The EU Packaging and Packaging Waste Regulation (PPWR), effective August 12, 2026, will impose the highest compliance burden on the cosmetics sector, according to a POSCO Research Institute report. Overseas buyers, including importers and distributors, must prepare for mandatory Declaration of Conformity (DoC), Technical Documentation (TD), PFAS-free materials, and recycled content requirements, or risk supply chain exclusion, customs rejection, and recalls.
Regulatory timeline and buyer demands
Starting August 12, 2026, all packaging placed on the EU market—including B2B shipments—must comply with PPWR. EU buyers are already requesting DoC and TD for shipments scheduled in the second half of 2026. Manufacturers must submit these documents within 10 days upon request by regulators or EU importers. Non-compliance can lead to sales bans, customs holds, recalls, and criminal penalties across all 27 member states.

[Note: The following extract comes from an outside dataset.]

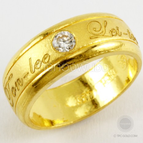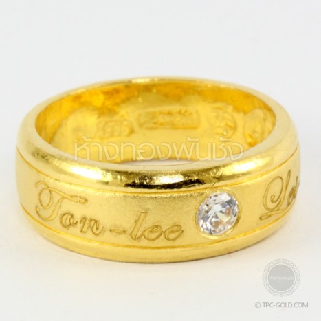 OR221 ตัวอย่างงานสั่ง: สลักอักษรบนแหวนเกลี้ยงตัน ทอง 96.5% หนัก วงละ 2 สลึง ติดต่อสอบถาม -

Key sustainability requirements
Seven sustainability criteria will phase in from 2026 to 2040. From January 1, 2030, all packaging must be designed for recyclability, with grades A through E. D/E-grade packaging (below 70% recyclability) will be banned from 2030, and C-grade (70–80%) from 2038. Post-consumer recycled (PCR) content in plastic packaging must reach 10–35% by 2030 and 25–65% by 2040, using only EU-certified waste streams. Heavy metals (lead, cadmium, mercury, hexavalent chromium) are capped at 100 mg/kg total.

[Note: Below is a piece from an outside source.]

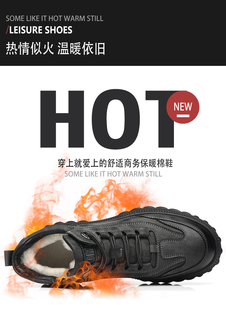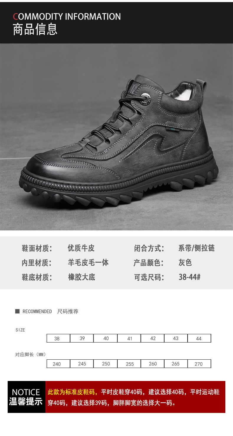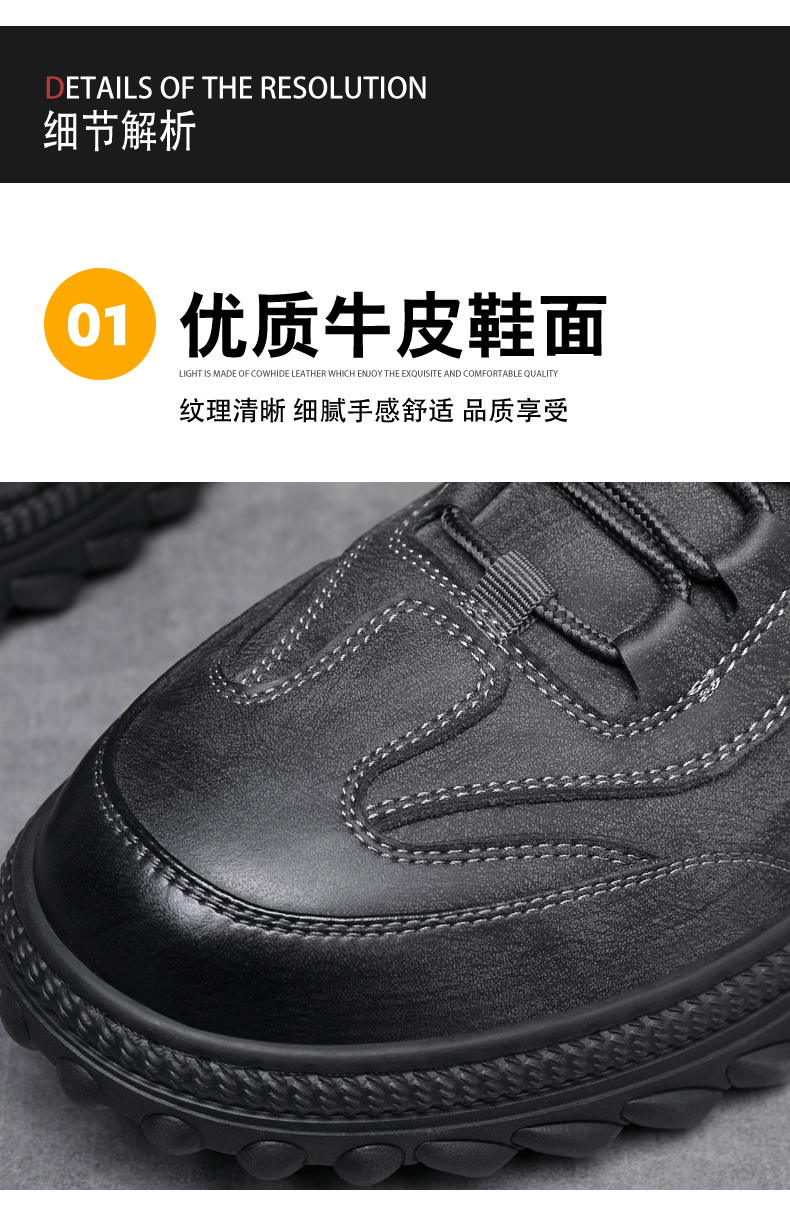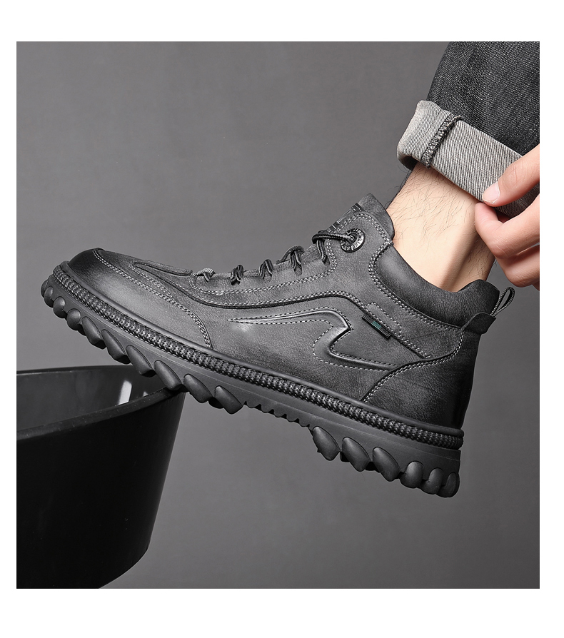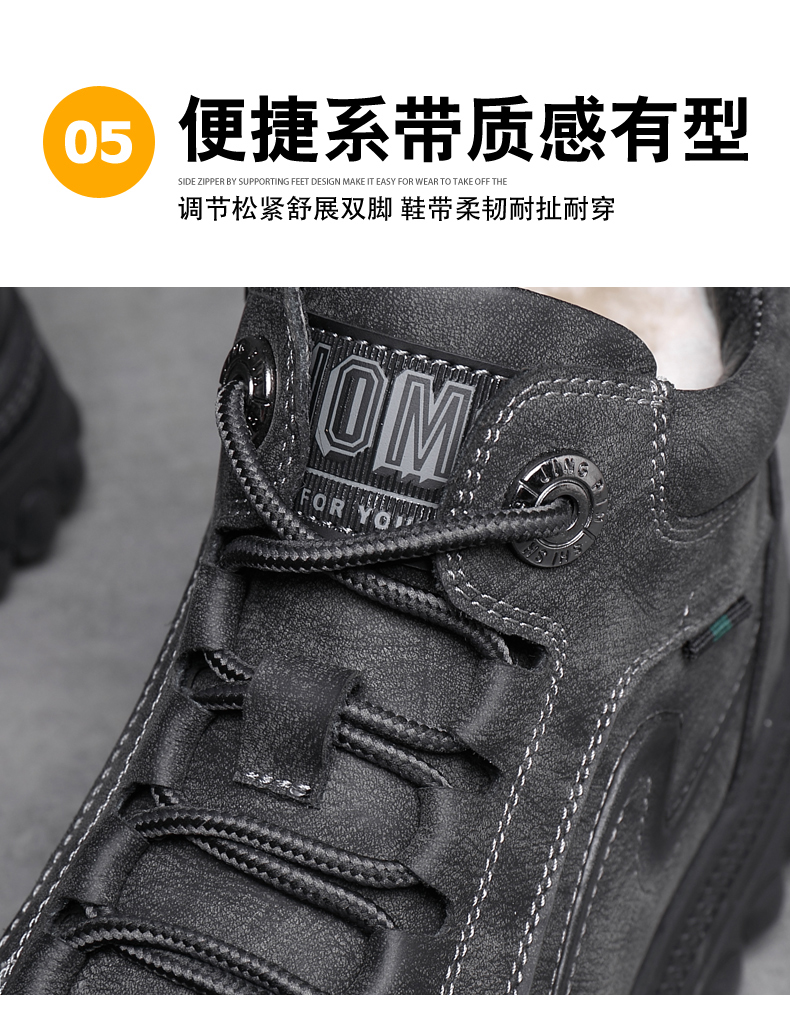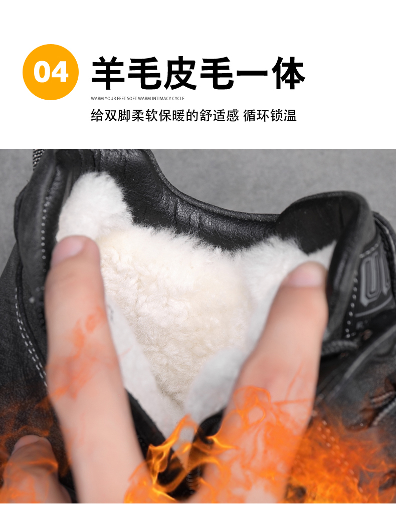 Men's Cotton Shoes, Genuine Leather, Wool, Fleece-Lined, Thickened, High-Top Casual Cotton Leather Shoes, Non-Slip, Warm Men's Shoes, Winter Snow Boots

PFAS and component-level testing urgency

Cosmetic packaging—including caps, droppers, cushioning, and outer boxes—must demonstrate PPWR compliance for each component. Functional parts like pumps and caps often contain PFAS, requiring immediate component-level testing. The report warns that cosmetics firms with short product cycles and frequent ODM/OEM supplier changes must re-verify compliance with each change, adding operational complexity.
What buyers should watch
EU importers are already restructuring supply chains. German importers and distributors have built internal PPWR compliance manuals, while France has aligned its national AGEC law with PPWR. Korean suppliers face infrastructure gaps: lack of standardized BOM and supply chain documentation, inability to source EU-certified PCR materials, and fragmented purchasing, packaging, and logistics departments. Buyers should prioritize suppliers that can provide PFAS-free materials, A/B-grade recyclable packaging, EU-certified PCR inputs, and complete TD/DoC packages.
E-commerce and B2B implications
E-commerce (direct overseas sales) faces additional burdens: producer registration in each EU country, appointment of an EPR representative, and payment of eco-modulation fees. From 2030, empty space in e-commerce packaging must not exceed 50%. Current standard box sizes used by many e-commerce firms already exceed this limit. For B2B exports, the same PPWR rules apply, and non-compliant packaging will be blocked at customs regardless of production date.